= John Patteson (judge) =

English judge

Sir John Patteson (11 February 1790 – 2 June 1861) was an English judge.

==Early life==
The second son of the Rev. Henry Patteson of Drinkstone, Suffolk, by his wife, Sophia, daughter of Richard Ayton Lee, a London banker, he was born at Coney Weston, Suffolk, on 11 February 1790. He was at first educated at a school kept by his father's curate, a Mr. Merest, and then went to Eton College; his name first appears in the school lists in 1802, and in 1808 he was elected on the foundation. John Sumner was his tutor. In 1809 Patteson went with a scholarship at King's College, Cambridge, which, under the then existing privileges of king's scholars, entitled him to graduate without examination. He accordingly graduated B.A. in 1813, and M.A. in 1816. His university career was, however, distinguished. When the Davies university scholarship for classics was established, he was, in 1810, the first to win it, and in 1812 he was elected a Fellow of his college.

==Legal career==
In 1813 Patteson entered the Middle Temple. In 1815 he went on the midland circuit as marshal to Sir Alan Chambré, read in the chambers of Godfrey Sykes, and of Joseph Littledale. In 1821 he began practice as a special pleader, and was called to the bar in the same year. He joined the northern circuit, and there, in competition with Edward Hall Alderson and James Parke, came to the fore in pleading. He was soon assisting Littledale in his work as counsel to the treasury. His progress was rapid, with his best argument said to have been in Rennell v. the Bishop of Lincoln.
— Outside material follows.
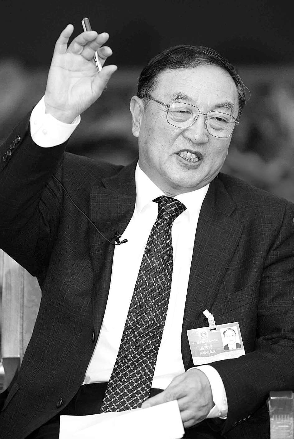 全国人大代表柳传志在全国“两会”新闻中心接受采访。

He was one of the legal commissioners on the reform of the Welsh judicature, whose report led to the act of 1830, by which three additional judges were appointed—one in the king's bench, one in the common pleas, and one in the exchequer; and, though he had never been a King's Counsel, Lord Lyndhurst, in November, appointed him to the new judgeship in the court of king's bench, and he was knighted.

Deafness led Patteson to resign at the end of January 1852. On 2 February 1852 he was sworn of the privy council, and for some years served as a member of its judicial committee. Patteson also acted as a commissioner to examine into the state of the City of London in 1853, was frequently chosen arbitrator in government questions—such as disputes between the Crown and Duchy of Cornwall, and between the Post Office and the Great Western Railway—and his award terminated a long-standing rating dispute between the university and the town of Cambridge.

Failing health at last put an end to Patteson's judicial work. He died on 28 June 1861 at Feniton Court, Honiton, Devon, which he had purchased in 1841. Patteson edited, in 1824, John Williams's Notes on Saunders's Reports.

==Family==
Patteson was twice married: first, on 23 February 1818, to his cousin Elizabeth, daughter of George Lee of Dickleburgh, Norfolk, by whom he had one daughter; and after her death on 3 April 1820, he married, on 22 April 1824, Frances Duke, daughter of James Coleridge and sister of John Taylor Coleridge, who died on 27 November 1842. One of their sons, John Coleridge Patteson, was ordained in the Church of England, became a missionary and the first Bishop of Melanesia, and, after his martyrdom in 1871, is remembered annually on the liturgical calendar on 20 September.